WASHINGTON (Reuters) – The U.S. economy slowed more than initially thought in the fourth quarter, keeping growth in 2018 below the Trump administration’s 3 percent target, and corporate profits fell by the most in a year after a one-off boost from lower taxes.
FILE PHOTO: Shipping containers are pictured stacked on a ship docked at Yusen Terminals (YTI) on Terminal Island at the Port of Los Angeles in Los Angeles, California, U.S., January 30, 2019. REUTERS/Mike Blake/File Photo
The economy is losing momentum as stimulus from the White House’s $1.5 trillion in tax cuts and a government spending blitz diminishes. It is also facing headwinds from slowing global growth, Washington’s trade war with China and uncertainty over Britain’s departure from the European Union.
The darkening clouds over the economy contributed to the Federal Reserve’s decision last week to bring its three-year campaign to tighten monetary policy to an abrupt end. The U.S. central bank abandoned projections for any interest rate hikes this year after increasing borrowing costs four times in 2018.
“The trend in quarterly growth is clearly on the wane,” said Curt Long, chief economist at the National Association of Federally-Insured Credit Unions. “The strength of the labor market should be enough to postpone a recession for at least this year, but the margins are getting smaller, and it would not take much to tilt growth into negative territory.”
Gross domestic product increased at a 2.2 percent annualized rate, the Commerce Department said in its third reading of fourth-quarter GDP growth on Thursday. That was down from the 2.6 percent pace estimated in February.
The economy expanded at a 3.4 percent pace in the third quarter. For all of 2018, the economy grew 2.9 percent as previously reported. Annual growth still missed the White House’s 3 percent target despite the massive fiscal stimulus.
Growth last year was, however, the strongest since 2015 and was an acceleration from the 2.2 percent logged in 2017.
Compared to the fourth quarter of 2017, GDP rose 3.0 percent, revised down from the 3.1 percent reported last month. President Donald Trump has pointed to the year-on-year growth figure as proof that the tax cuts, which have contributed to a swelling of the federal government deficit, has put the economy on a sustainable path of strong growth.
The Commerce Department’s GDP release, however, highlighted the 2.9 percent as the annual growth for 2018. Trump likes to showcase the economy as one of the biggest achievements of his term, declaring last July that his administration had “accomplished an economic turnaround of historic proportions.”
On the campaign trail, Trump boasted he could boost annual GDP growth to 4 percent, a goal analysts said was always unrealistic given low productivity, among other factors.
“Three percent growth is not that much different than 2.7 percent in President (Barack) Obama’s term so you can’t brag too much,” said Chris Rupkey, chief economist at MUFG in New York.
Economists polled by Reuters had forecast GDP in the fourth quarter being revised down to a 2.4 percent pace.
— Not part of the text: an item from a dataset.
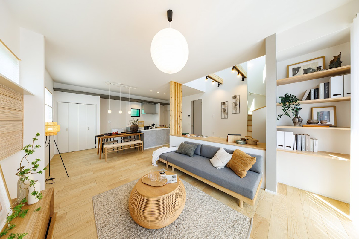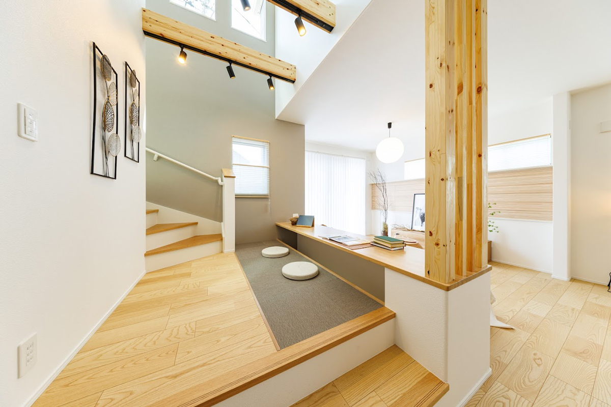 - LDKから2段上がった吹抜けのステアリビングを設置。テレワークやリビング学習など、子どもから大人まで家族と程よい距離感で思い思いに過ごせます。※6号棟/2026年4月撮影(分譲済)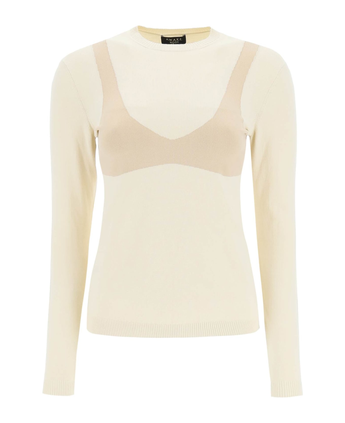 Crew neck top in viscose blend knit by A. W. A. K. E. Mode, embellished with a contrast bralette-like intarsia at front and back. Ribbed edges, regular fit. The model is 177 cm tall and wears a size XS.

The revisions to the fourth-quarter reading reflected markdowns to consumer and business spending, as well as government outlays and investment in homebuilding. Exports were, however, revised up.
Growth appears to have slowed even further early in the first quarter, with retail sales rising modestly, manufacturing production falling and homebuilding tepid. The softening economic outlook is seen helping to undercut profit growth, which weakened in late 2018.
After tax profits without inventory valuation and capital consumption adjustment, which correspond to S&P 500 profits, fell at a 1.7 percent rate or $34.2 billion in the fourth quarter. That was the weakest pace since the fourth quarter of 2017 and followed a 0.9 percent rise in the third quarter.
When measured from the income side, the economy grew at a 1.7 percent rate in the fourth quarter and 2.4 percent in 2018.
“The deceleration in GDP growth this year will weigh on corporate profit growth, while increased labor costs pose a threat to margins,” said Jay Bryson, global economist at Wells Fargo Securities in Charlotte, North Carolina.
Growth forecasts for the first quarter are as low as a 0.9 percent rate. U.S. financial markets were little moved by the GDP report.
Growth in consumer spending, which accounts for more than two-thirds of U.S. economic activity, increased at a 2.5 percent rate in the fourth quarter instead of the previously reported 2.8 percent pace.
Consumer spending remains underpinned by a strong labor market, with a report from the Labor Department showing the number of Americans filing for unemployment benefits fell to a more than one-month low last week.
Growth in business spending on equipment and intellectual products was lowered. The drop in residential construction outlays was deeper than previously reported and government spending actually contracted instead of expanding.